That’s why Tony Stewart fired his salvos about the tires following the Kobalt Tools 500. Nothing he said was going to fix what happened last weekend. What he’s trying to do is have an influence on whether it happens again or not. That’s all he can do now.

Texas Motor Speedway officials put out a press release Tuesday “announcing” that Goodyear plans to bring the same tire combination used there last year to its race next month. More to the point, the statement pointed out that the same tires used at Atlanta WON’T be used at Texas.
Goodyear has to love that.

Actually, that is part of the problem. Goodyear doesn’t like criticism, not even a little bit.

I’ve been covering NASCAR for more than 11 seasons now and I am still waiting for somebody who works for Goodyear to tell me: “You know what, we think the tire that blew out on the Such-and-Such car was just a bad tire.

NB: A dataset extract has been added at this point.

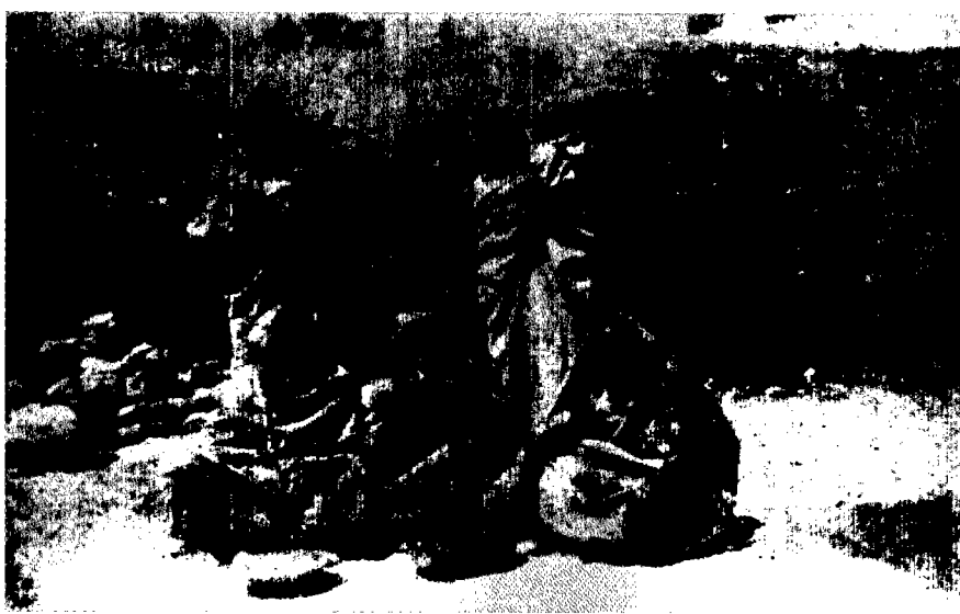
עולים לישראל דרך טוניס מחופשים לערבים

תשושים, רעבים ובמקרים רבים חסרי-כל (אחד המעפילים הראשונים, שפתח את הדרך להעפלה דרך טוניסיה, היה דוד פדלון-פלד, שעבר תלאות רבות תוך כדי העפלתו לארץ). בהוודע ליהודי טוניסיה על העפלה זו, התנדבו רבים לסייע לאחיהם מלוב, דאגו לבטחונם, לאכסונם ולתזונתם במשך כל שהותם בתוניסיה, והסדירו את מעברם בעיקר למרסיי בצרפת, לידי המוסד לעלייה ב' להעלאתם ארצה. יהודי טוניסיה ניצלו גם את קשריהם עם הממשל הצרפתי, בשחרור אותם מעפילים, שנעצרו ע"י משמרות הגבול.

You have that from time to time. We hate it happened.”

No, there was always debris on the track and the tire got “cut,” or the brakes were too hot and the bead melted, or the team was too aggressive with camber or tire pressure.

All of those things DO happen, and Goodyear shouldn’t be blamed for every tire that goes down. But every once in while, it is Goodyear’s fault.

It’s always going to be that way. Nobody is perfect and nobody expects Goodyear to be. What I expect Goodyear to be is better, better today than it was yesterday and better tomorrow than it is today. That needs to be the goal.

Toward that end, Stewart is exactly right when he says Goodyear needs to have a test team that goes to tracks where NASCAR’s top series are going to race and runs lap after lap after lap trying to learn how to make the tires safer and more competitive.

But the company also needs to keep having tire tests with current, active teams on a regular, rotating basis to get those teams’ input in making tires better. It’s a two-part process. Goodyear’s own tests would get them closer to having the right combinations for teams to help hone even further in their outings.

The defense of what happened last week is that Goodyear didn’t want tires blowing out and creating a dangerous situation for the drivers. That, of course, is the proper course. But Goodyear can’t get a pass for going all the way to the “safe” end of the scale.

As Dale Earnhardt Jr. said Sunday evening, there has to be a middle ground somewhere between too soft to live and too hard to race. Goodyear’s job is to find that balance, as difficult as that might be to do. If you’re or two notches toward the “safe” side, that’s better than being one or two notches off the other way. But slamming the design all the way to the conservative end of the scale isn’t doing the job right. It’s covering your corporate backside.


Uncle Dewey 88 said...

Despite Tony's rant, the last thing Nascar needs is another tire war. I have been a fan long enough to remember both attempts by Hoosier to compete with Goodyear. There was a lot of compromise of safety to get a new track record on pole day.

Like you say, this does not give Goodyear a pass on doing their job. That being to produce a safe, competitive tire that the teams can bolt on and get consistant performance.

In the end, thats what Tony wants too. He just has an emotional way of expressing his displeasure.

Monkeesfan said...

uncle dewey 88, I remember the 1988 and 1994 tire wars and the safety argument is grossly oversold. Safety wasn't compromised any more than it is now, and with the tire war came new revenue and engineering streams for more teams, and in was reflected in a dramatic increase in number of winning drivers and teams in both years.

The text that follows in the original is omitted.